Юлиан вскочил— бледный; лицо его исказилось, глаза загорелись злобою; он прошептал, задыхаясь:
— Поди прочь, поди прочь от меня! Знаю все ваши хитрости галилейские!..
Арсиноя посмотрела на него с ужасом, как на безумного.
— Юлиан, Юлиан! Что с тобой? Неужели из-за одного имени?..
Но он уже овладел собой; глаза померкли, лицо сделалось равнодушным, почти презрительным.
— Уйди, Арсиноя. Забудь все, что я сказал. Ты видишь, мы чужие. Тень Распятого — между нами. Ты не отреклась от него. Кто не враг Ему, не может быть другом моим.
Она упала перед ним на колени:
— Зачем? Зачем? Что ты делаешь? Сжалься над собой, пока не поздно! Вернись, — или ты…

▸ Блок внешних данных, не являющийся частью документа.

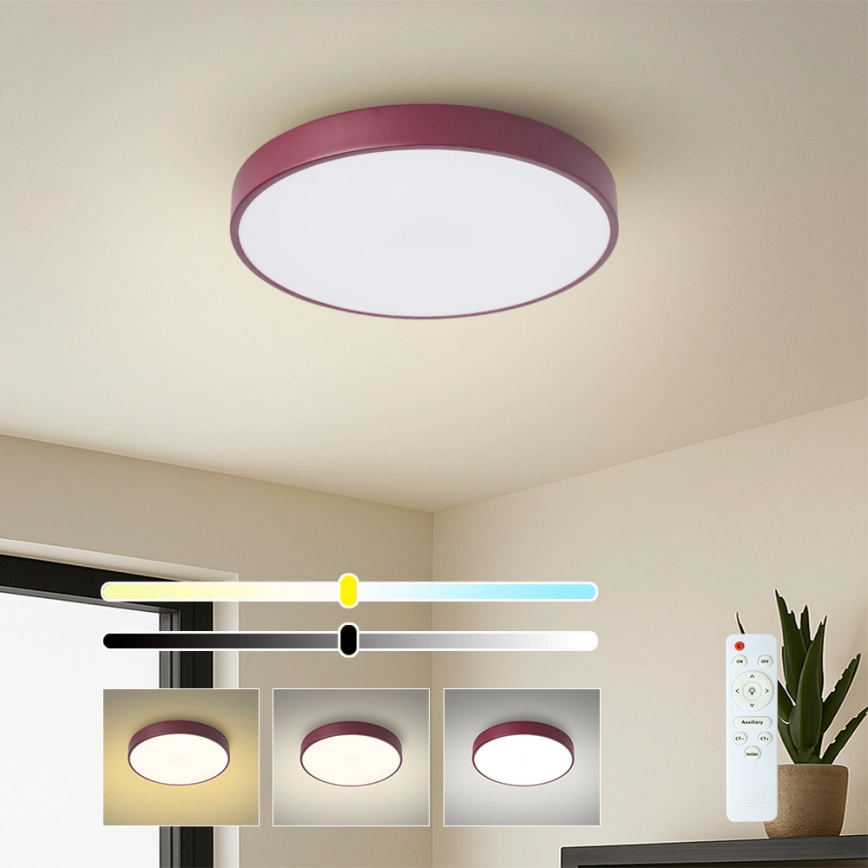Brilagi - димируемо таванно LED осветително тяло POOL LED/36W/230V 3000-6000K диаметър 30 см бордо + дистанционно управление

Она не кончила, но он договорил за нее с высокомерной улыбкой:
— Или погибну? Пусть. Я дойду по пути моему до конца, — куда бы ни привел он меня. Если же, как ты говоришь, я был несправедлив к учению галилеян, — вспомни, что я вынес от них! — как бесчисленны, как презренны были враги мои. Однажды воины римские нашли при мне в болотах Месопотамии льва, которого преследовали ядовитые мухи; они лезли ему в пасть, в уши, в ноздри, не давали дышать, облепили очи, и медленно побеждали уколами жал своих львиную силу. Такова моя гибель; такова победа галилеян над римским кесарем!
Девушка все еще протягивала к нему руки, без слов, без надежды, как друг к умершему другу. Но между ними была бездна, которую живые не переступают…

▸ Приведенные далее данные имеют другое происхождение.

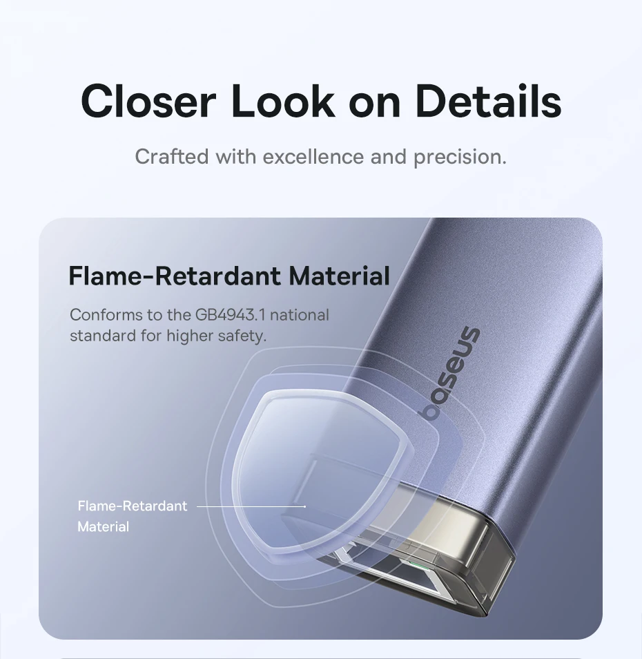 Detalhes que Fazem a Diferença: Construído com material retardante de chamas conforme a norma GB4943.1, oferecendo mais segurança e durabilidade no uso diário:
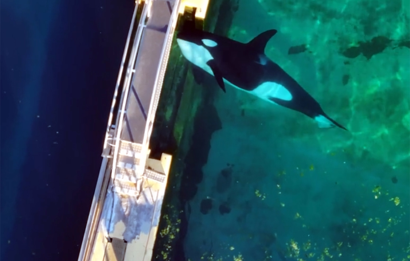 Σοκαριστικά πλάνα από drone που δόθηκαν στη δημοσιότητα από την ομάδα ακτιβιστών για τα ζώα TideBreakers δείχνουν τις όρκες Wikie, 23 ετών, και τον 11χρονο γιο της Keijo να περιφέρονται άσκοπα μέσα στο εγκαταλελειμμένο πάρκο.

В двадцатых числах июля римское войско, после долгого перехода по выжженной степи, нашло в глубокой долине речки Дурус немного травы, уцелевшей от пожара.
Легионеры несказанно обрадовались ей, ложились на землю, вдыхали пахучую сырость и к пыльным лицам, к воспаленным векам прижимали влажные стебли трав.
Рядом было поле спелой пшеницы. Воины собрали хлеб. Три дня продолжался отдых в уютной долине. На утро четвертого, с окрестных холмов, римские стражи заметили облако не то дыма, не то пыли. Одни думали, что это дикие ослы, имеющие обыкновение собираться в стада, чтобы предохранить себя от нападения львов; другие, что это сарацины, привлеченные слухами об осаде Ктезифона, третьи выражали опасение, не есть ли это главное войско самого царя Сапора.
Император велел трубить сбор.
Когорты в оборонительном порядке, наподобие большого правильного круга, под охраной щитов, сдвинутых и образовавших как бы ряд медных стен, расположились лагерем на берегу ручья.
Завеса дыма или пыли оставалась на краю неба до вечера, и никто не догадывался, что она за собой скрывает.
Ночь была темная, тихая; ни одна звезда не сияла на небе.
Римляне не спали; они стояли вокруг пылающих костров и с молчаливой тревогой ждали утра.
На восходе солнца увидели персов. Враги приближались медленно. По словам опытных воинов, их было не менее двухсот тысяч; из-за холмов появлялись непрерывно новые и новые отряды.
Сверкание лат так ослепляло, что даже сквозь густую пыль глаза с трудом выдерживали.
Римляне молча выходили из долины и строились в боевой порядок. Лица были суровы, но не печальны. Опасность заглушила вражду. Взоры обратились опять на императора. Галилеяне и язычники одинаково по выражению лица его угадывали, можно ли надеяться. Лицо кесаря сияло радостью. Он ждал встречи с персами, как чуда, зная, что победа поправит все, даст ему такую славу и силу, что галилеяне признают себя пораженными.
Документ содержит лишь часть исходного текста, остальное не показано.